-- Data for the task follows --

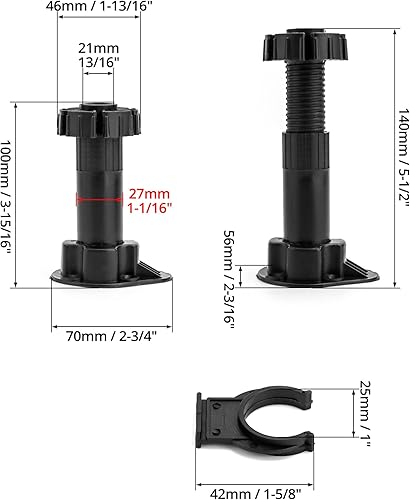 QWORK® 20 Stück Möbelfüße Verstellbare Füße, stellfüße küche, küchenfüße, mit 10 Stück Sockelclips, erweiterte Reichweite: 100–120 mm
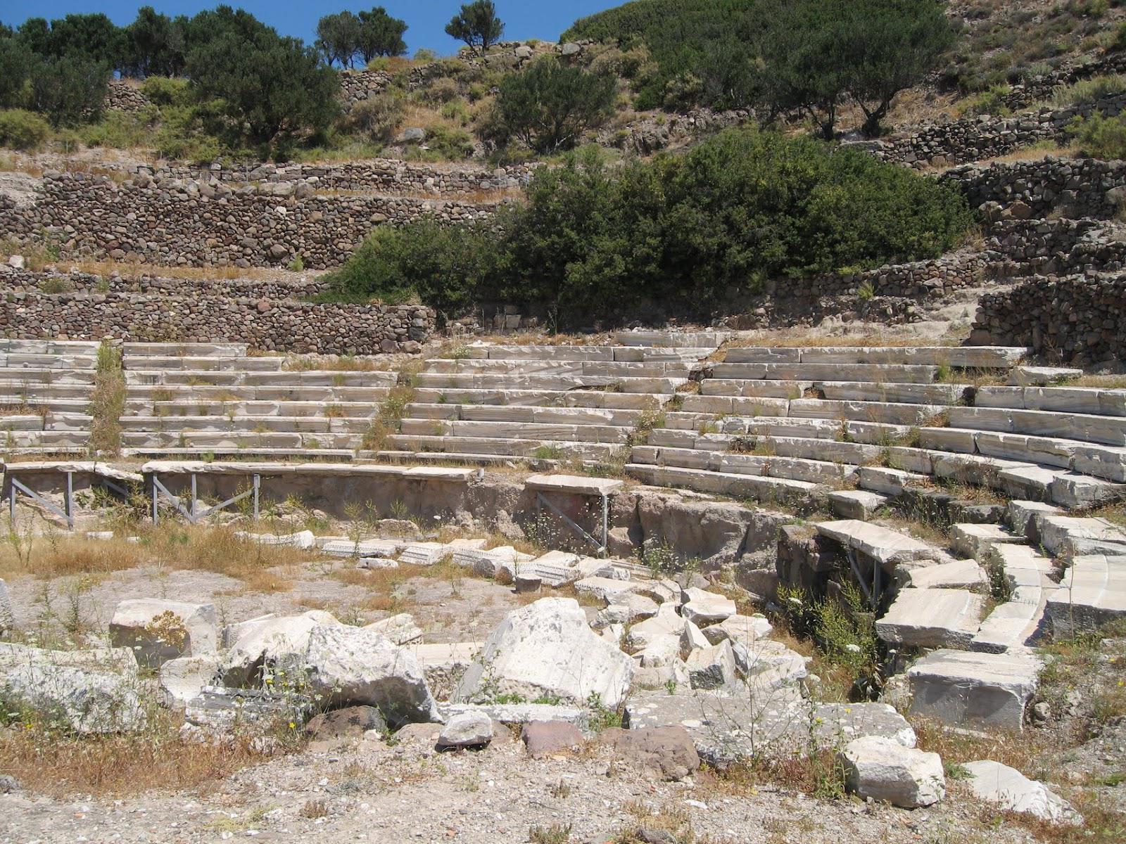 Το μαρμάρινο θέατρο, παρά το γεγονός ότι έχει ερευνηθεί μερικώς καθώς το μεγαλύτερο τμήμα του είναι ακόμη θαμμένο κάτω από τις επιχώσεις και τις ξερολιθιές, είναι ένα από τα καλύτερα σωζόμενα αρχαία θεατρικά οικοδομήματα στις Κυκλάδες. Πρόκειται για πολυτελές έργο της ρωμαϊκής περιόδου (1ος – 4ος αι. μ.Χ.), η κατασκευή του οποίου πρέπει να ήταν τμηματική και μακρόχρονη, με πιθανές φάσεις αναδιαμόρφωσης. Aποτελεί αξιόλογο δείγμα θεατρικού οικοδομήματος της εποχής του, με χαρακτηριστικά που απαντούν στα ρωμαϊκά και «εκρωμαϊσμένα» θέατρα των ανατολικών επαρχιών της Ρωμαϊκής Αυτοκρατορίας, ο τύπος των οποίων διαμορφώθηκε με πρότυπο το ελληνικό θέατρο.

-- Data for the task concluded --
-- Data for the task follows --

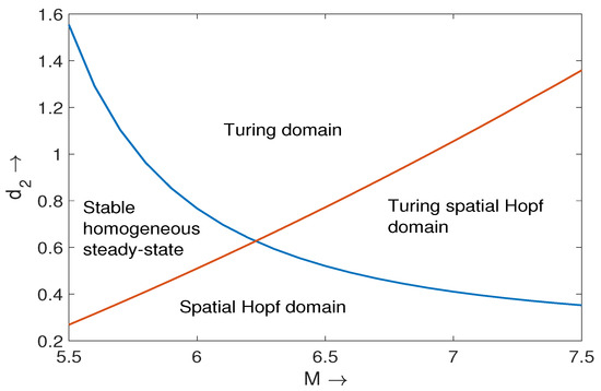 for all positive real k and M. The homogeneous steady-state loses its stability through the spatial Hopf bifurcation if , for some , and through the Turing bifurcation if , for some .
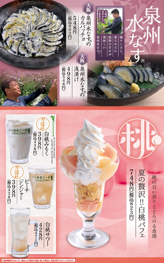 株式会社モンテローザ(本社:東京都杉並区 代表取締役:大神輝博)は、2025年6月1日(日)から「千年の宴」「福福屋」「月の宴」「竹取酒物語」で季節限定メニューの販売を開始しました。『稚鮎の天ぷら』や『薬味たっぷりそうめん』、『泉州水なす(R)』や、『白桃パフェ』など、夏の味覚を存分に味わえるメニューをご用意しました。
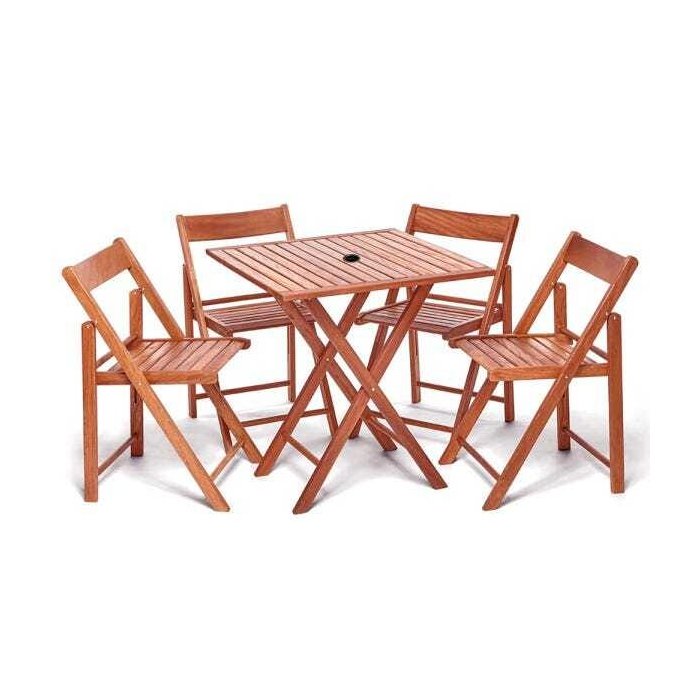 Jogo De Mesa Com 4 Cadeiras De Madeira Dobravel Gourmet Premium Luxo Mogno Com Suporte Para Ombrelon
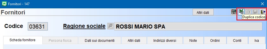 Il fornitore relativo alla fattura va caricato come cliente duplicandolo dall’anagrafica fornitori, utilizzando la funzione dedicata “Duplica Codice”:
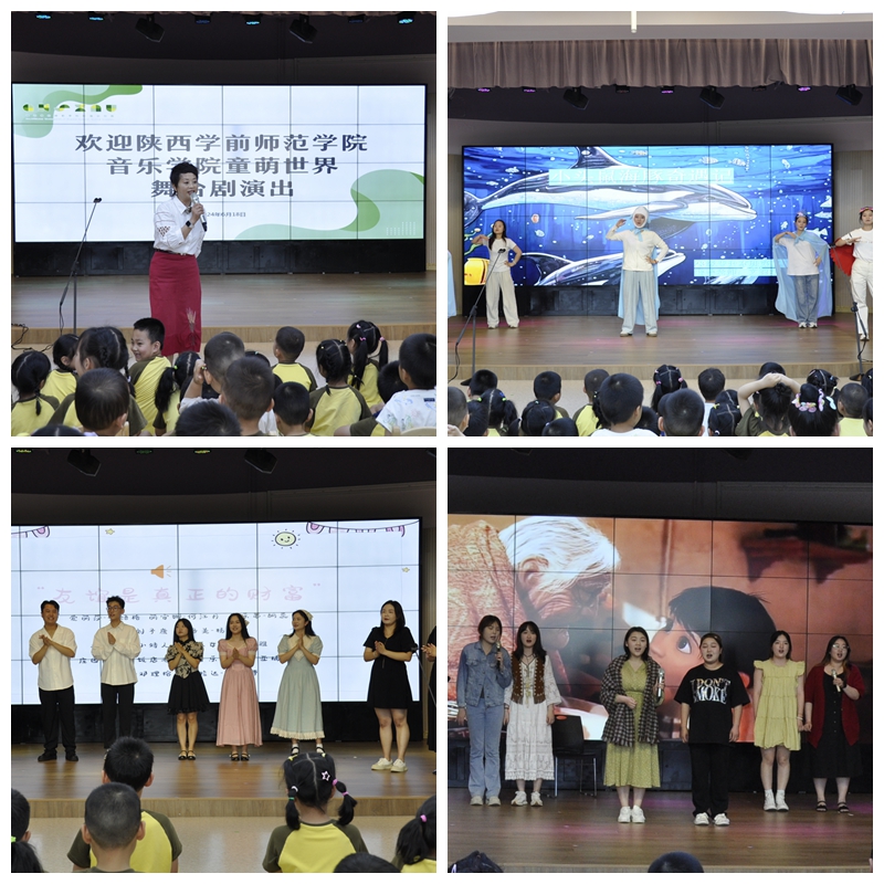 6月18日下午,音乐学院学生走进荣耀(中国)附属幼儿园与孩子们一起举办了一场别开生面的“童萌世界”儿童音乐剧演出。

-- Data for the task concluded --

> [Description of the task]:
Now transcribe the lines above exactly, starting at the line containing "Jogo De Mesa" and ending at the line containing "6月18日下午,音乐学院学生", both lines included, pictures excluded.

> [Written solution]:
 Jogo De Mesa Com 4 Cadeiras De Madeira Dobravel Gourmet Premium Luxo Mogno Com Suporte Para Ombrelon
 Il fornitore relativo alla fattura va caricato come cliente duplicandolo dall’anagrafica fornitori, utilizzando la funzione dedicata “Duplica Codice”:
 6月18日下午,音乐学院学生走进荣耀(中国)附属幼儿园与孩子们一起举办了一场别开生面的“童萌世界”儿童音乐剧演出。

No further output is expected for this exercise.